Temple in Yixian, Liaoning Province, China

Fengguo Temple (奉国寺) is a Buddhist temple located in Yixian, Liaoning Province, China. The temple was first founded in 1020 during the Liao dynasty (916-1125), and grew quite large during the subsequent centuries. Today, only two halls, two gates, and a decorative arch survive. The most important surviving building is the Daxiongbao Hall, a very large hall that dates from 1020. The hall is notable for containing seven large Buddha sculptures, and other smaller sculptures, all dating from the Liao Dynasty. It has had several names over the centuries, including the "Xianxi Temple" (咸熙寺; Liao dynasty), "Seven Buddhas Temple" (七佛寺; Liaoning dynasty) and "Dafengguo Temple" (大奉国寺; Jin dynasty).

==History==
Historical records about the history of Fengguo Temple are limited. Most of the history can only be ascertained from the twenty or so stele on the grounds of the temple. Replacing an earlier temple at the site called Xianxi Temple, Fengguo Temple was founded in 1020 by Jiao Xiyun, a retired scholar, and its construction was supervised by a monk called Qinghui.
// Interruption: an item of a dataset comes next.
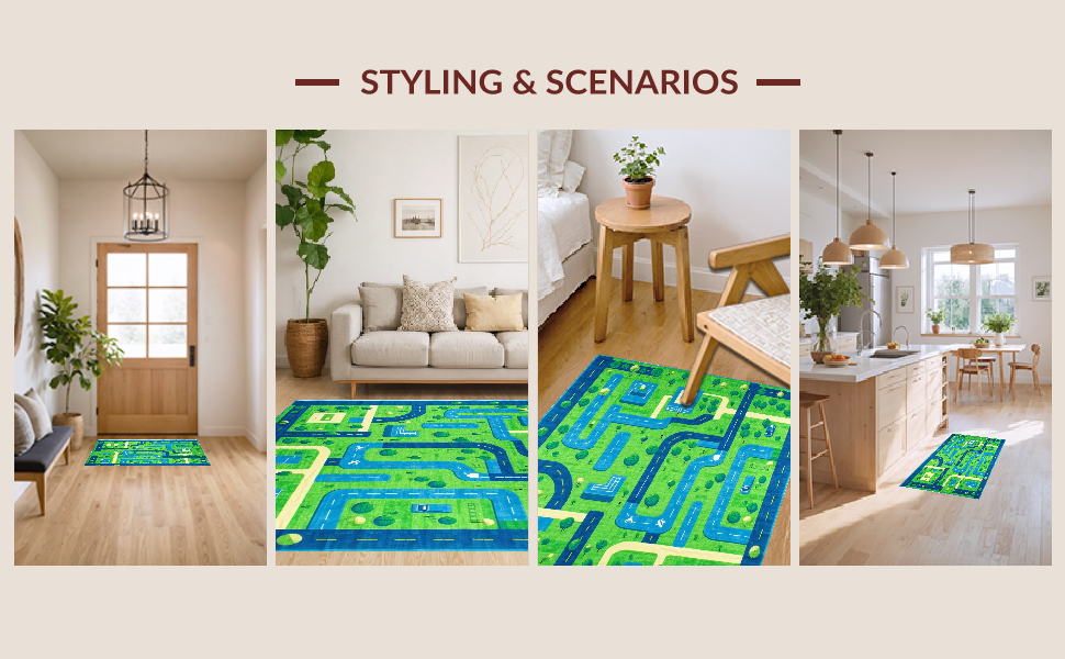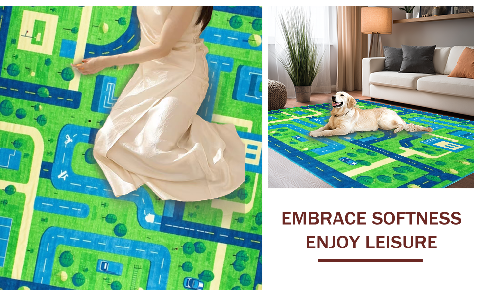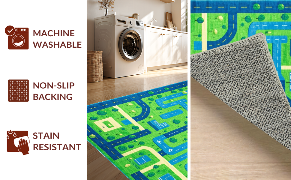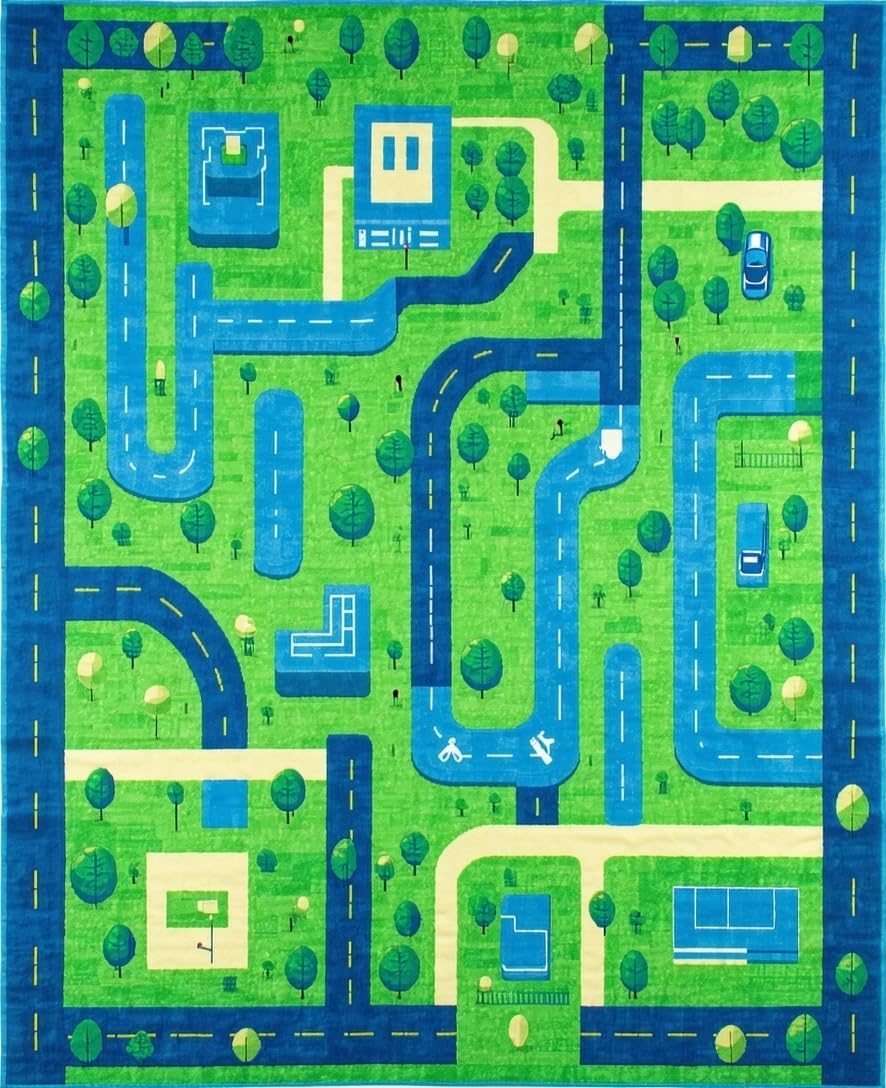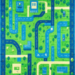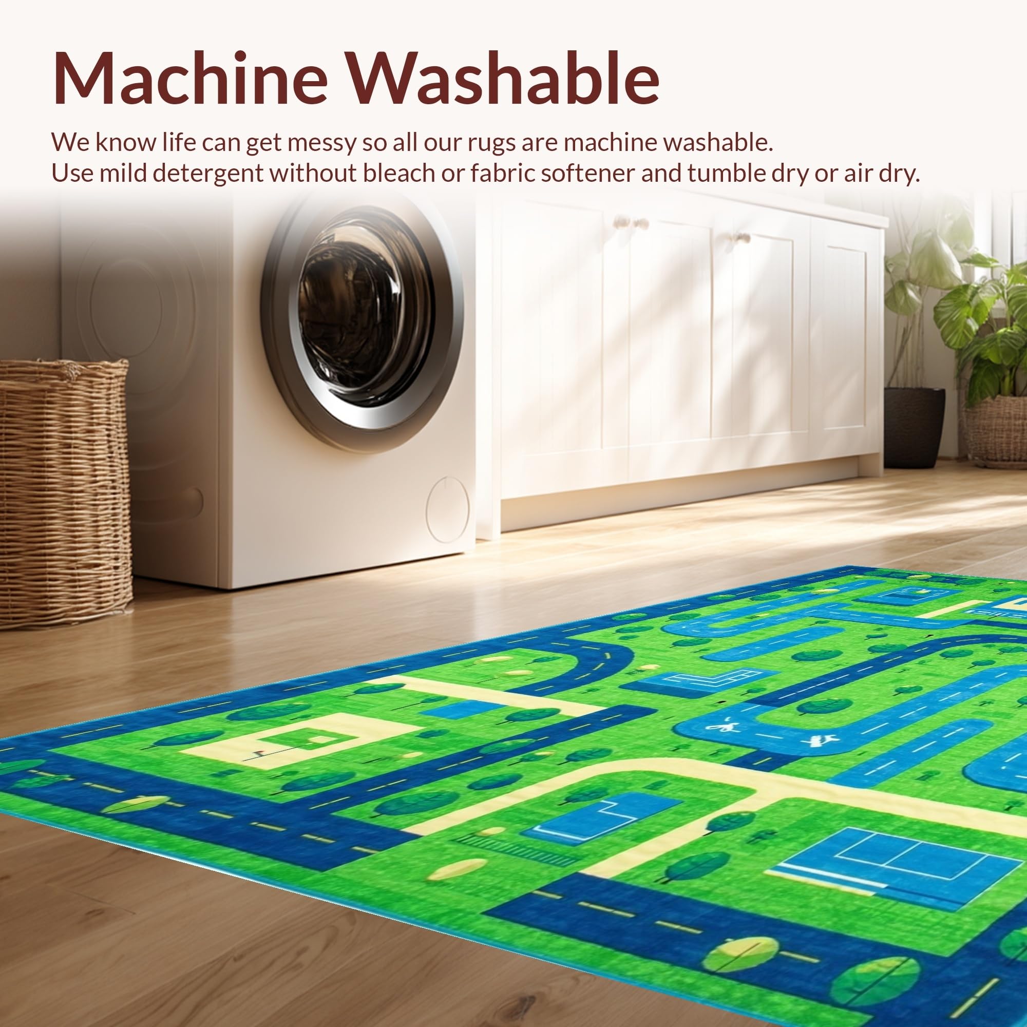 Ultra Soft Area Rug, Non Slip, Stain Resistant, Washable Area Rugs for Living Room, Bedroom, Bright Playful Interactive City Map(Green) Overview:

In 1107 a monk called Yizhuo worked at the monastery repairing and completing religious images. His work was completed in 1140 at the cost of 10 million cash. An earthquake severely damaged the temple in 1290, and a son-in-law of a Mongolian Khan donated money for repairs. The mid-14th-century temple is recorded as being quite large, featuring at least three pavilions, one in front of the Seven-Buddha hall and one on either side, a dharma hall, an “abstinence hall”, three different kitchen areas, monks quarters, a bathing chamber, a Ten Thousand Buddha hall and many other assorted buildings. Between 1487 and 1888 the hall was repaired at least seventeen times. The temple was most recently damaged in 1948 when it was bombed, and was only repaired again in the 1980s.

==Layout==
Originally, Fengguo Temple had a Dharma Hall behind the Daxiongbao Hall, three pavilions in front, and a gate. One of the pavilions was located along the axis and two more faced each other inwards along the axis. Currently, only the Daxiongbao Hall survives from the temple's founding.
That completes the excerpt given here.